Tra le varie opzioni, c’è l’azzeramento dell’Iva sui beni di prima necessità. Le pare, a voler essere un po’ maliziosi, solo uno specchietto per le allodole?

Credo sia importante capire l’estensione del riordino dell’Iva e collocare al suo interno l’Iva ad aliquota zero che, francamente, nella attuale situazione non mi sembra un’idea balzana. Sarà importante però capire se e come si vorrà intervenire anche sulle altre aliquote Iva.

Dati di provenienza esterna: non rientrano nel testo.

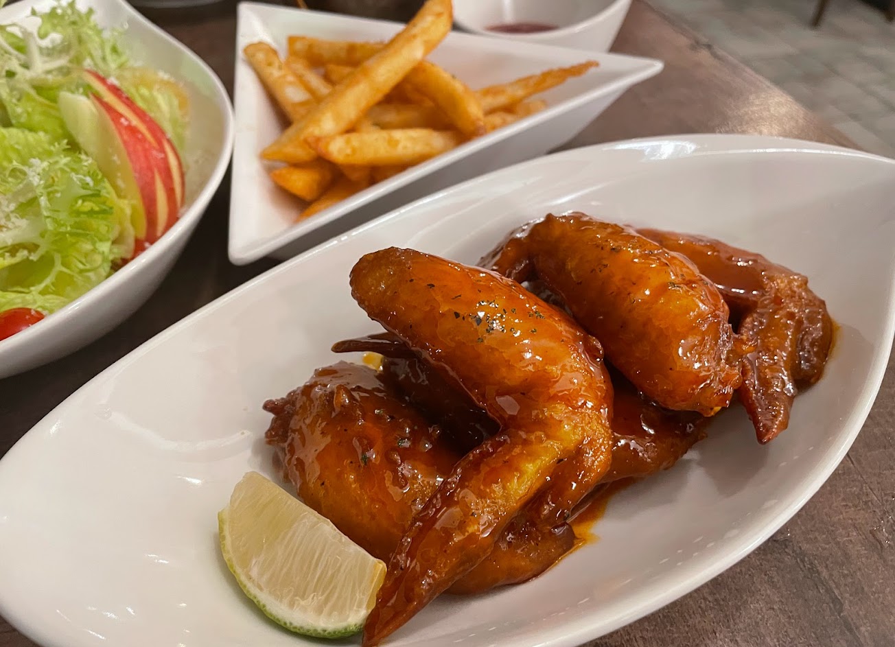 海鮮湯, 海釣中卷, 生菜水果沙拉, 蛤蜊, 紅酒牛肉燉飯, 道地水牛城辣雞翅, 提拉米蘇

Nelle settimane scorse sono uscite diverse analisi che evidenziano, non lo scopriamo oggi, come il grosso del gettito in Italia sia riconducibile al ceto medio. Mi spiega come è stato possibile in tutti questi anni non accorgersi di tale stortura? O forse ce ne si è accorti…

Francamente non credo sia una scoperta di queste settimane: è noto da tempo che il peso dell’Irpef ricade per oltre l’80% su lavoratori dipendenti e pensionati, il peso dei lavoratori autonomi essendo stato contenuto negli ultimi anni dal rilievo assunto dai regimi forfettari. Ed è altrettanto noto che poco meno del 40% dei lavoratori dipendenti non paga alcuna imposta non diversamente da quanto accade, o quasi, a poco più del 40% dei lavoratori autonomi. Per converso, poco più del 10% dei lavoratori dipendenti versa poco meno del 60% dell’Irpef versata dalla categoria e questo dato è ancora più evidente nel caso degli autonomi. Al di là dei numeri, il messaggio che emerge è che una rivisitazione significativa dell’Irpef è sempre più urgente.

L’Italia ha un alto debito e più volte il governo ha accusato la Bce di avere la mano un po’ pesante sui tassi, tagliandoci lo spazio vitale sui conti. Condivide?

L’indipendenza delle Banche centrali serve proprio a consentire alle stesse di non prestare troppo orecchio ai desideri dei governi che non necessariamente corrispondono alle necessità dei cittadini. Credo sia molto positivo essersi lasciati alle spalle un lungo periodo in cui ci siamo illusi che il vincolo di bilancio sia irrilevante o che le Banche centrali possano sempre e comunque finanziare le esigenze – a volte comprensibili, spesso irragionevoli – degli esecutivi.